Venom Lacks Potency

Photograph courtesy of Film Daily (https://filmdaily.co/obsessions/marvel/venom/)

Venom: Let There Be Carnage is the sequel to the 2018 original starring Tom Hardy as Eddie Brock and his symbiotic companion Venom. While it is a fun continuation that embraces the odd and darkly humorous tones of the original, it fails to properly build on its foundations.

Beginning with a flashback, we get some background on the serial killer we were introduced to in the mid-credits scene of the previous film. Kasady, played by Jack Bandeira as a child and Woody Harrelson in the rest of the film, watches his girlfriend get taken away. Fast-forward to the present day: Kasady is on death row and wants Eddie to tell his story. However, Eddie and Venom are able to uncover more than Kasady intended, leading Kasady to provoke and attack Eddie by biting him.
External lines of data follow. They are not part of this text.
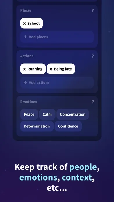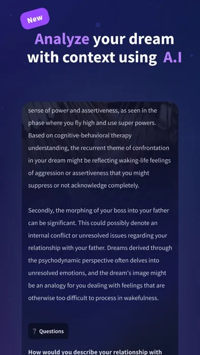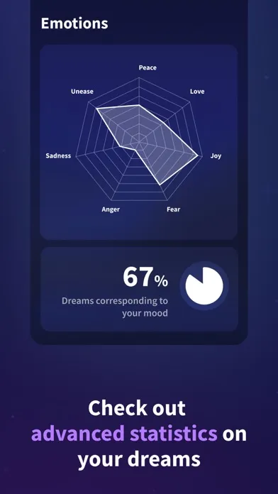 - Get access to the statistics panel and see trends and recurring elements in your dreams
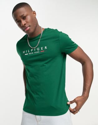 Tommy Hilfiger – T-Shirt in Grün mit „New York“-Logo
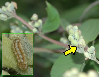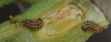 摂食中の幼虫(3齢、6mm)と中身の無くなったウツギの蕾の半割り
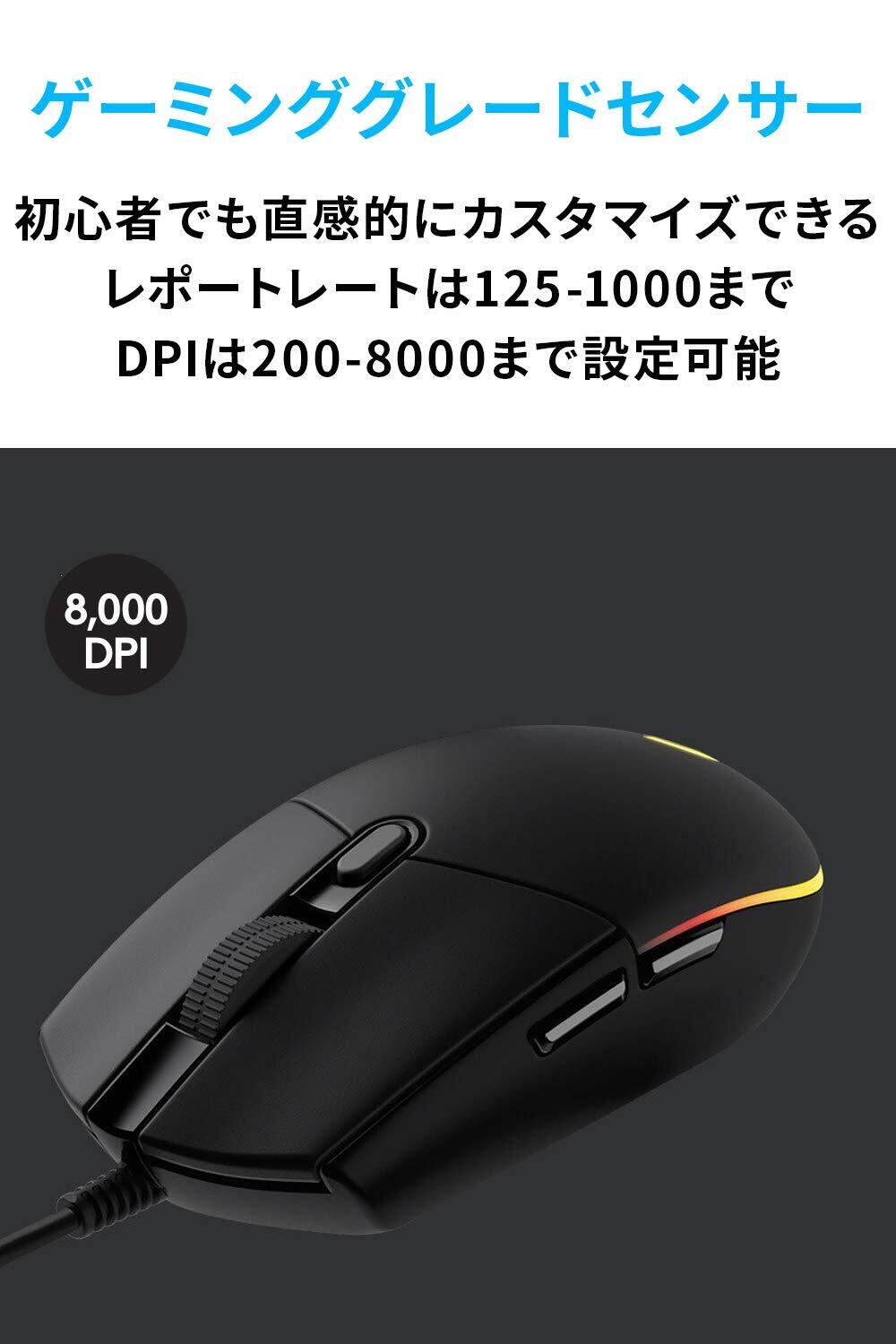 【Logicool G G203 有線ゲーミングマウス】8,000DPIの高性能センサーを搭載したG203はエントリー向け高性能ゲーミングマウス。85gの軽量本体と柔軟に絡みにくいケーブルで激しくマウスを動かしくてもストレスにならない。
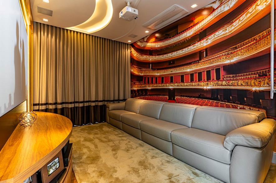 A sala de cinema está ao lado da sala de jantar. Um grande painel espelhado isola os ambientes quando fechado. Aberto, integra os espaços. Na ambientação do cinema, destaque para a imagem de um grande teatro na parede, que serve como cenário.
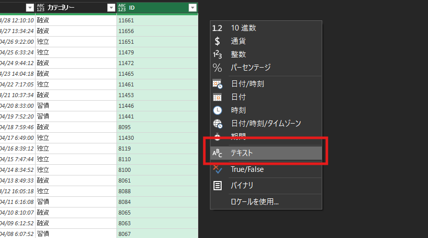 「日付」の左横のABC123をクリック→「日付/時刻」を選択します。
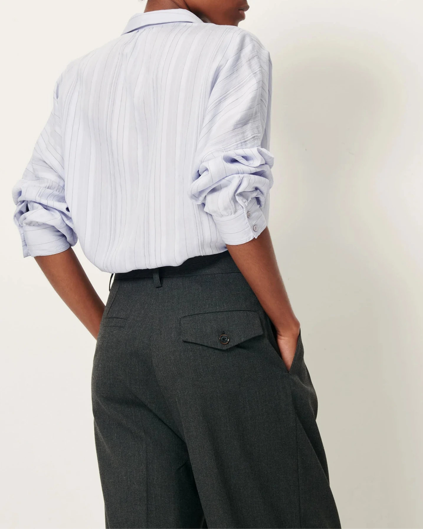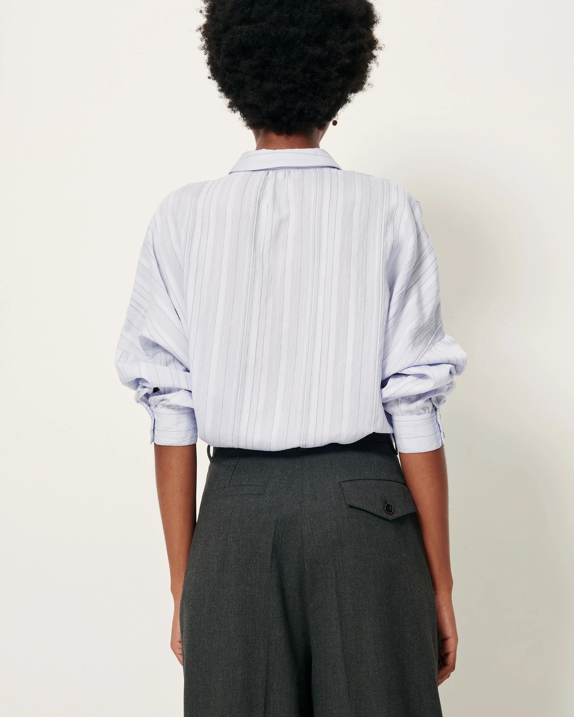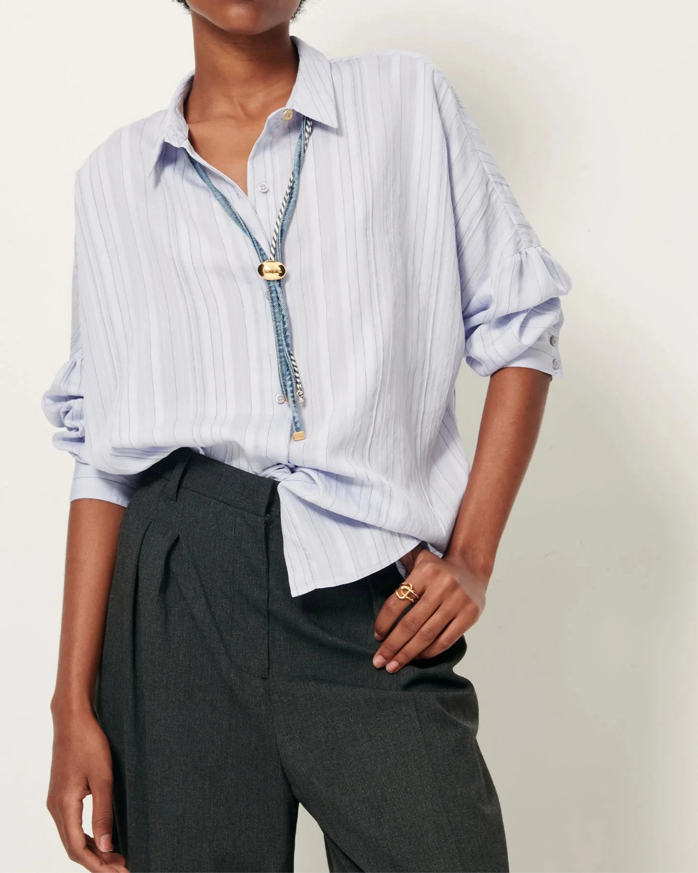 Das "Botan"-Hemd ist locker geschnitten und hat tief angesetzte, geraffte Armlöcher aus leichtem Viskoseperkal mit Dobby-Streifen.
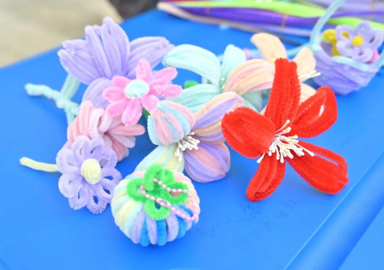 同學(xué)們圍坐一起,手中拿著扭扭棒,她們認(rèn)真地折疊、扭動,每一步都充滿了對美的追求和對節(jié)日的慶祝。
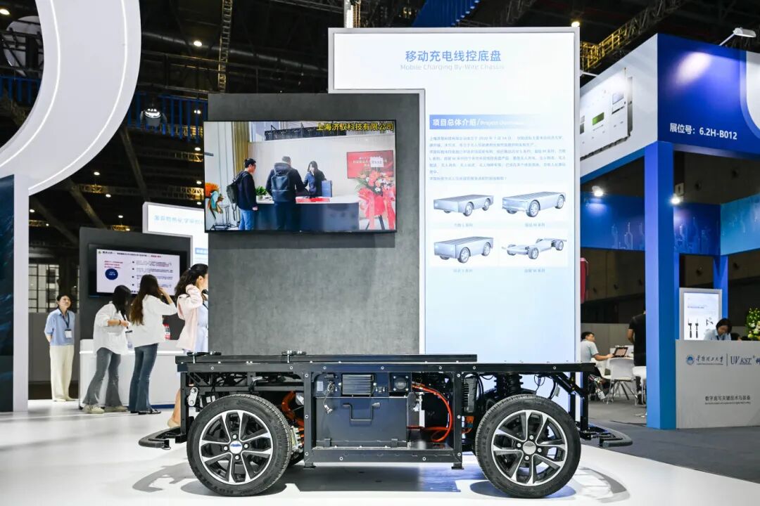 由汽车学院校友创立的上海济驭科技无限公司专注于无人驾驶通用化线控底盘的研发和出产。公司量产的多款线控底盘笼盖无人充电、无人物流、无人配送、无人消杀、无人巡查、无人特种车等多个使用场景。此次参展的挪动无人充电宝展车所利用的是由济驭研发的高压驱动版底盘,较保守无人充电宝底盘正在系统方案上全面领先,并大大节约了成本。
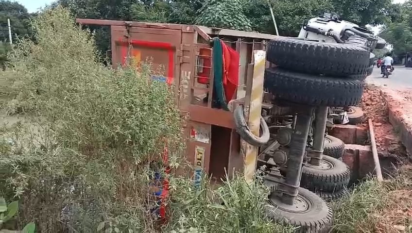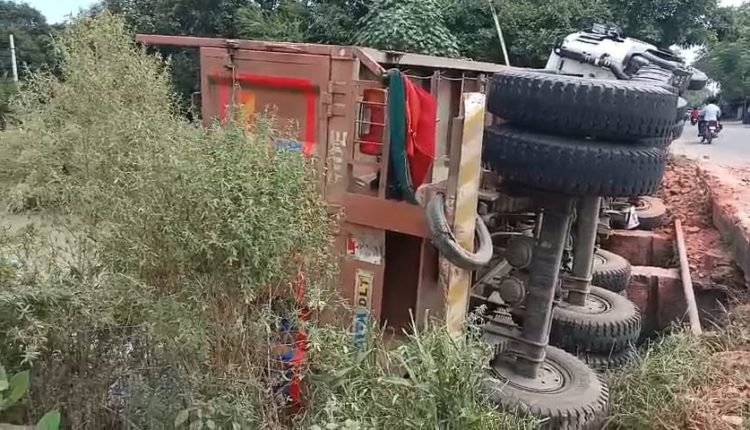 रेलिंग विहीन नहर पुलिया के पास पलटा अनियंत्रित डंपर, चालक गंभीर रूप से घायल
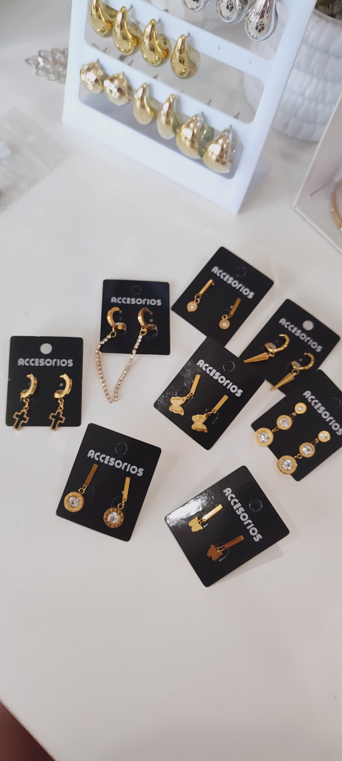Aros argollitas con cruz colgante Argollitas doradas con dije de cruz. Un diseño clásico con estilo moderno, ideales para combinar con otros accesorios.
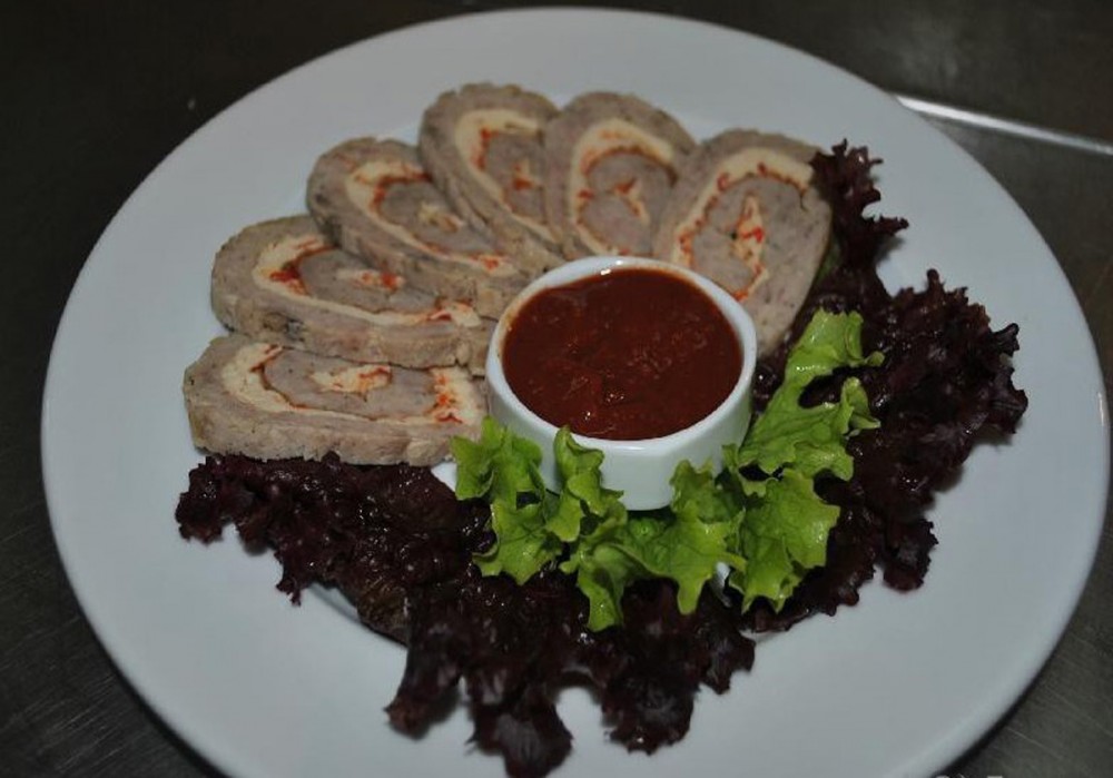 Amikor megsült tegyünk a tetejére nehezéket és hagyjuk kihűlni. Miután kihűlt szeleteljük fel, salátát kínáljunk mellé.

This leads to Kasady ingesting a small piece of Venom that grows inside of him until we see the emergence of the character everyone showed up to see – Carnage.

What follows is the series of heavily CGI-ed fight scenes that we have come to expect from this sort of superhero movie, the ridiculously persistent cliché in which a superhero must lose his powers at some point in the sequel, and a constant stream of bickering between Brock and Venom. Particular emphasis must be placed on the bickering because it is almost constant throughout the film, to the point that the film almost feels like a dark romantic comedy between the two. Hardy should be congratulated for being able to carry off the two roles as well as he did, even if the film does a little too much talking and too little actual doing. Despite this, it is still a decently enjoyable film with an almost B-movie-esque oddity to it that is absent in most modern superhero films. Also, the ending, though somewhat out of nowhere, makes this required viewing for the Marvel Cinematic Universe.

All in all, 3 out of 5

Not as good as it should have been, but acceptable.